Q1. An investment of \$3000 grows to \$4500 over 6 years with annual compounding. Find the annual interest rate.

Show Solution

$4500 = 3000(1+r/100)^6 \Rightarrow (1+r/100)^6 = 1.5$

$1+r/100 = 1.5^{1/6} = 1.0699$ so $r \approx 6.99\%$

Q2. A mortgage of \$250,000 is taken at 5% annual interest, compounded monthly, for 25 years. Find the monthly payment.

Show Solution

$i = 0.05/12 \approx 0.004167$, $N = 300$.

$P = \dfrac{250000 \times 0.004167}{1-(1.004167)^{-300}} = \dfrac{1041.7}{1-0.2873} \approx \dfrac{1041.7}{0.7127} \approx \$1461.88$

Q3. A sequence of annual salaries starts at \$45,000 and increases by 3% each year. What is the total earned over 10 years?

Show Solution

Geometric series: $u_1 = 45000$, $r = 1.03$, $n = 10$.

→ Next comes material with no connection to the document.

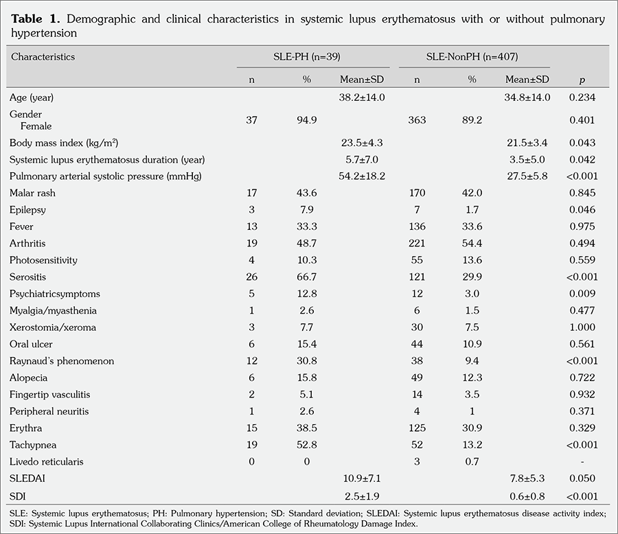 Patients and methods: A total of 39 patients (2 males, 37 females; mean age 38.2±14.9 years; range, 16 to 71 years) with combined SLE and PH and 407 patients (43 males, 364 females; mean age 34.8±14.0 years; range, 7 to 73 years) with SLE but without PH (NonPH) were enrolled and categorized into two groups, namely, PH and NonPH groups. The demographic and clinical characteristics of all patients, including disease duration, comorbidity, malar rash, epilepsy, arthritis, oral ulcer, photosensitivity, Raynaud’s phenomenon, serositis, dyspnea, and visceral damage, were recorded. Laboratory parameters, including blood and urine routine, biochemical markers, 24-hour proteinuria, plasma N-terminal pro-brain natriuretic peptide (NT-proBNP), immunoglobulin, complement 3 and 4, and autoantibodies, were tested. Inflammatory indexes, such as erythrocyte sedimentation rate and C-reactive protein level, were collected. Disease activity was assessed with systemic lupus erythematosus disease activity index score. Organ damage was assessed with the use of Systemic Lupus International Collaborating Clinics/American College of Rheumatology (SLICC/ACR) Damage Index (SLICC/ACR-DI; SDI). Pulmonary arterial systolic pressure was measured using echocardiography.
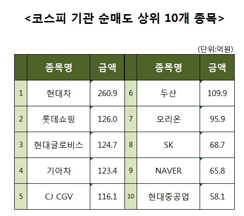 [코스피 기관 순매도 상위 10개 종목]

$S_{10} = \dfrac{45000(1.03^{10}-1)}{0.03} = \dfrac{45000(1.3439-1)}{0.03} = \dfrac{45000 \times 0.3439}{0.03} \approx \$515,850$

4. Exam Tips

Always state whether interest is compounded annually, monthly, or daily — this changes $n$ in the formula.
When using GDC TVM, set $P/Y$ and $C/Y$ correctly (payments per year and compounding periods per year).
Percentage error questions require careful identification of which value is "exact" and which is "approximate."
For loans: the outstanding balance at any point can be found using TVM with the remaining number of payments.